TASK TO CARRY OUT
In your reply, print every line of the listing exactly and omit all images.

GIVEN MATERIAL
□ □ □ □ □ □ □

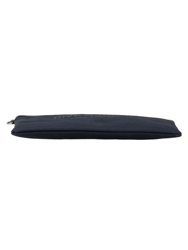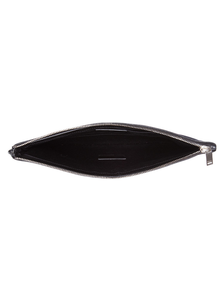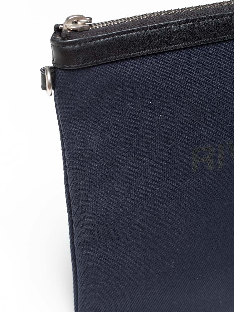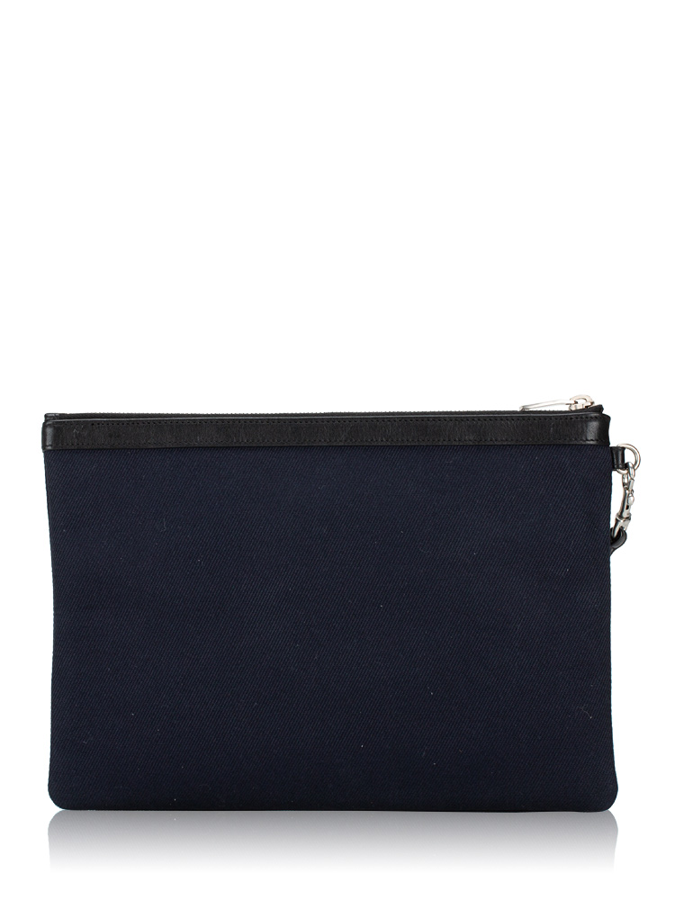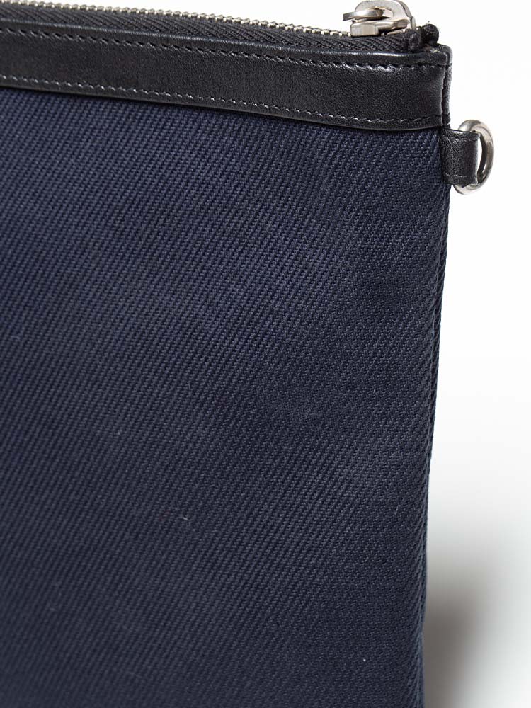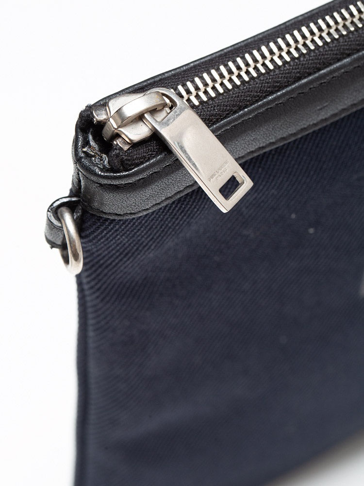 This pouch crafted of natural canvas with black calfskin leather. The top zipper opens to a black fabric interior with patch pocket.
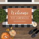 A porta personalizada Elegante e eterno apresenta "Bem-vindo" no script de caligrafia escrevendo com o sobrenome da sua família e o endereço de rua da sua casa personalizado em branco com sotaques simples de faixa. Nota, o fundo laranja/terracota queimado e as cores de texto branco podem ser modificadas para coordenar com a sua varanda ou decoração de entrada.
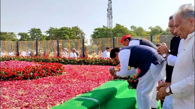 मंगलवार को मुलायम सिंह यादव की पहली पुण्यतिथि पर उनके पैतृक गांव सैफई में मेला ग्राउंड में बने समाधि स्थल को फूलों से सजाया गया था। वहीं एक विशाल पंडाल बनाया गया। मंगलवार को सुबह से ही लेकर शाम तक समाजवादी पार्टी से जुड़े हुए लोग नेताजी को श्रद्धा सुमन अर्पित करने के लिए पहुंचते रहे।
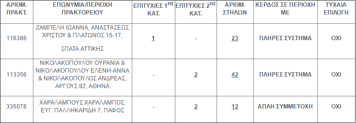 Επίσης, έξι (6) επιτυχίες βρέθηκαν στην 2η κατηγορία (5) εκ των οποίων οι τέσσερις αντιστοιχούν σε δύο τυχερά δελτία. Κάθε επιτυχία κερδίζει το ποσό των €20.995,42.

□ □ □ □ □ □ □

RESULT FOR THIS EXERCISE
 This pouch crafted of natural canvas with black calfskin leather. The top zipper opens to a black fabric interior with patch pocket.
 A porta personalizada Elegante e eterno apresenta "Bem-vindo" no script de caligrafia escrevendo com o sobrenome da sua família e o endereço de rua da sua casa personalizado em branco com sotaques simples de faixa. Nota, o fundo laranja/terracota queimado e as cores de texto branco podem ser modificadas para coordenar com a sua varanda ou decoração de entrada.
 मंगलवार को मुलायम सिंह यादव की पहली पुण्यतिथि पर उनके पैतृक गांव सैफई में मेला ग्राउंड में बने समाधि स्थल को फूलों से सजाया गया था। वहीं एक विशाल पंडाल बनाया गया। मंगलवार को सुबह से ही लेकर शाम तक समाजवादी पार्टी से जुड़े हुए लोग नेताजी को श्रद्धा सुमन अर्पित करने के लिए पहुंचते रहे।
 Επίσης, έξι (6) επιτυχίες βρέθηκαν στην 2η κατηγορία (5) εκ των οποίων οι τέσσερις αντιστοιχούν σε δύο τυχερά δελτία. Κάθε επιτυχία κερδίζει το ποσό των €20.995,42.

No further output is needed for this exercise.